Кроме того, возникает вопрос о взаимоотношении понятий художественный концепт и художественный образ. В вышеупомянутой статье С. А. Аскольдова отмечается: «Художественный концепт не есть образ или, если и содержит его, то случайно и частично. Но он несомненно т я г о т е е т именно прежде всего к потенциальным образам и также н а п р а в л е н на них, как и по-
знавательный концепт направлен на конкретные представления, подходящие под его логический "родовой" объем» [6]. Следовательно, художественный концепт и художественный образ -взаимосвязанные, но не тождественные понятия.
И. А. Тарасова, анализируя существующие точки зрения на данную проблему, приходит к выводу, что и образ, и художественный концепт являются единицами авторского сознания, но образ представляет собой некую художественную целостность, а концепт - совокупность определенных признаков, формирующих эту целостность, но не воспринимаемых по отдельности. Иными словами, образ можно считать единицей восприятия, а концепт - результатом анализа [7].
В работе «Антология художественных концептов русской литературы ХХ века» указывается, чтохудожественный концепт, являясь единицей сознания писателя, намного сложнее, чем художественный образ, который служит для выражения авторской картины мира в определенном произведении и репрезентирует наиболее значимые компоненты концепта. Таким образом, под художественным концептом можно понимать единицу индивидуального сознания писателя, значение которой раскрывается в контексте литературного произведения через образы и символы [8].
Тем не менее универсального определения художественного концепта не существует, как, впрочем, и единой методики его анализа. Т. И. Васильева, Н. Л. Карпичева и В. В. Цуркан предлагают следующий алгоритм [9]:
1. Установить ключевое слово-репрезентант концепта в произведении.

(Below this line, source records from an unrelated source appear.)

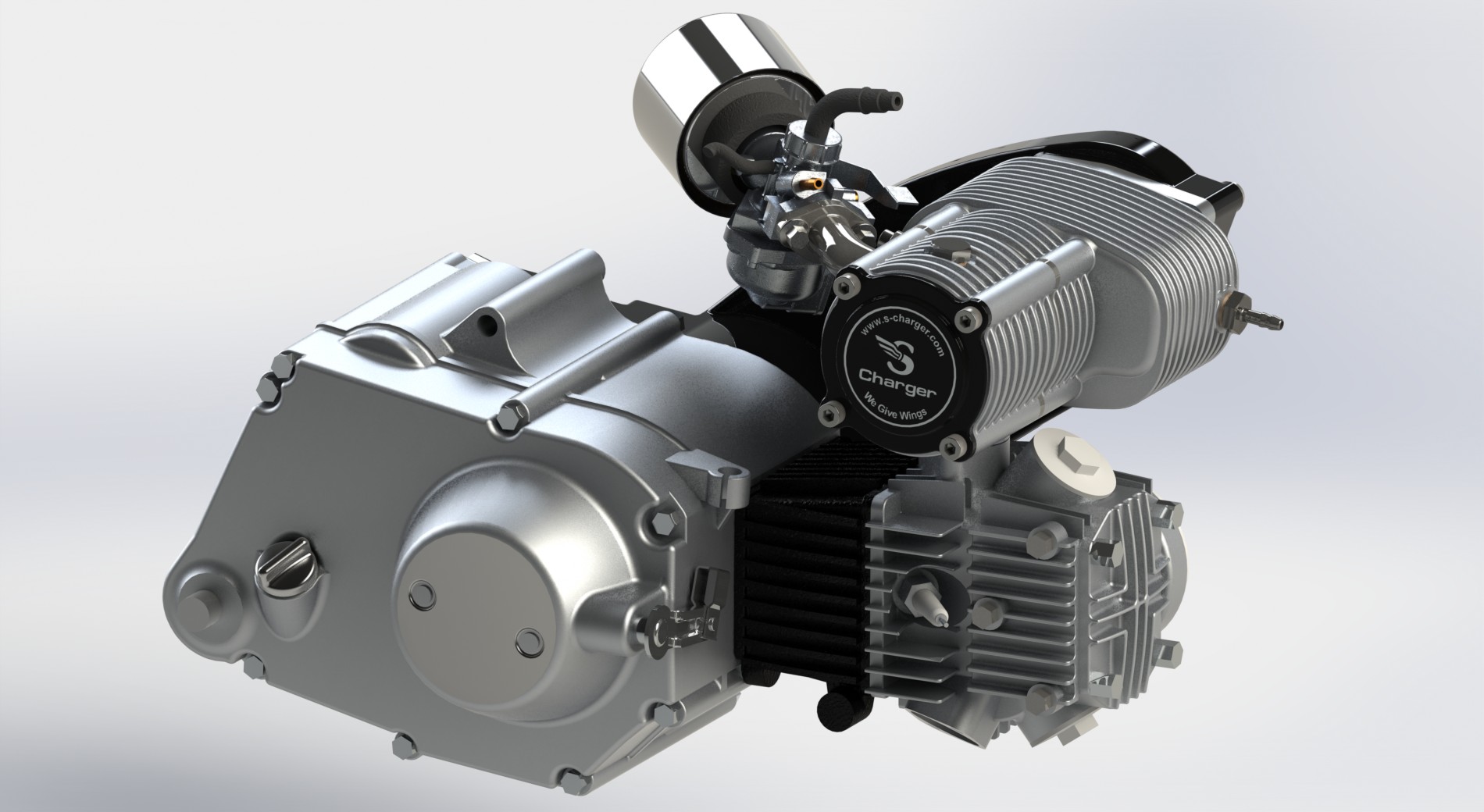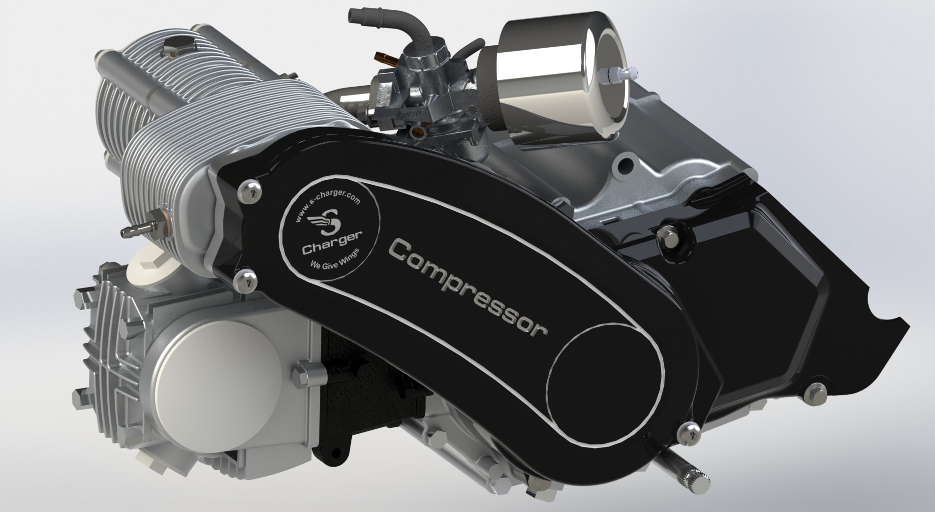 The newly developed supercharging system for a 50cc – 125cc engine provides more than a 50% increase in power.  Mass production of this supercharger guarantees affordable price of the supercharger and plug-and-play installation kit.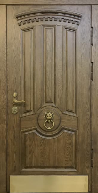 | Комплектация | Контурное уплотнение дверного полотна и дверного блока. Заполнение дверного полотна изоляционным материалом. Усиленные противосъемные блокираторы. Дверной блок и торцы дверного полотна окрашены порошковым напылением (медный антик). Кнокер "Лев" Изготовление по индивидуальным размерам. |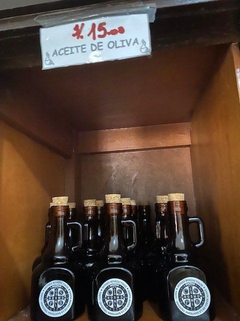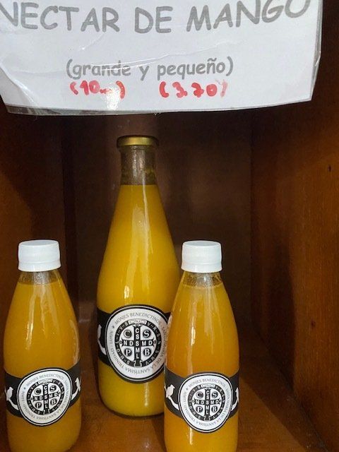 First of all, apologies for possibly confusing you by writing about the wrong Gospel passage yesterday. Blame it on jet lag, but it was entirely my fault. Yesterday after Terce, the short office that’s followed by a long morning’s work, we sorted out and priced for sale the many things I’d brought out for the shop here, paid for from their own funds: medals, crucifixes and statues of St Benedict of all shapes and sizes, and vast amounts of perfumed Greek and Ethiopian incense, which has become very popular in Peru. These will be added to the many items they sell, which are produced by the monks, panettone, bread, smoothies, jams, fruit vinegars, altar wine and even olive oil. I find their hard work and enterprise quite overwhelming. Our photographs show some of the things for sale in the monastery shop.

2. Определить словарное значение репрезентанта, выявить его индивидуально-авторское наполнение в контексте произведения.
3. Выявить «исторические» признаки концепта, его общекультурное наполнение.
4. Проанализировать ассоциативные связи художественного концепта.
5. Определить нелингвистические способы представления концептуальной информации.
6. Выявить взаимосвязь исследуемого концепта с другими составляющими художественной концептосферы данного автора.
Лексическими репрезентантами концепта в исследуемых текстах можно считать словосочетание game of cards 'карточная игра' и лексемы roulette 'рулетка' и baccarat 'баккара'. Тем не менее в рамках настоящей статьи для нас более важен тот факт, что данные игры являются азартными, а не особенности каждой из них.
Французский антрополог Р. Кайуа в работе «Игры и люди» делит игры на четыре категории в зависимости от способности игры вызывать у человека те или иные ощущения. Так, игры группы alea отличаются тем, что их исход зависит от воли случая, а не от мастерства игрока. Удовольствие от таких игр достигается через пассивную покорность судьбе, надежду на счастливый исход, чувство риска: «Alea отмечает и выявляет собой милость судьбы. При этом игрок всецело пассивен, не выказывает никаких достоинств или способностей, возможностей своей ловкости, силы, ума. Он лишь ждет с надеждой и трепетом рокового решения» [10]. Однако есть и другое мнение о природе азартных игр: объективно мы понимаем, что и выигрыш, и проигрыш абсолютно случайны, но с точки зрения игрока это может быть вовсе не так. Дж. Бухдал, автор книги "Squares and sharps, suckers and sharks", освещая психологические и философские аспекты азартных игр, замечает, что основной причиной увлечения людей азартными играми является стремление к контролю над судьбой. Это чувство контроля, разумеется, иллюзорно, но именно благодаря ему поведение человека во время азартной игры может иллюстрировать его поведение в любой ситуации, требующей принятия решения [11].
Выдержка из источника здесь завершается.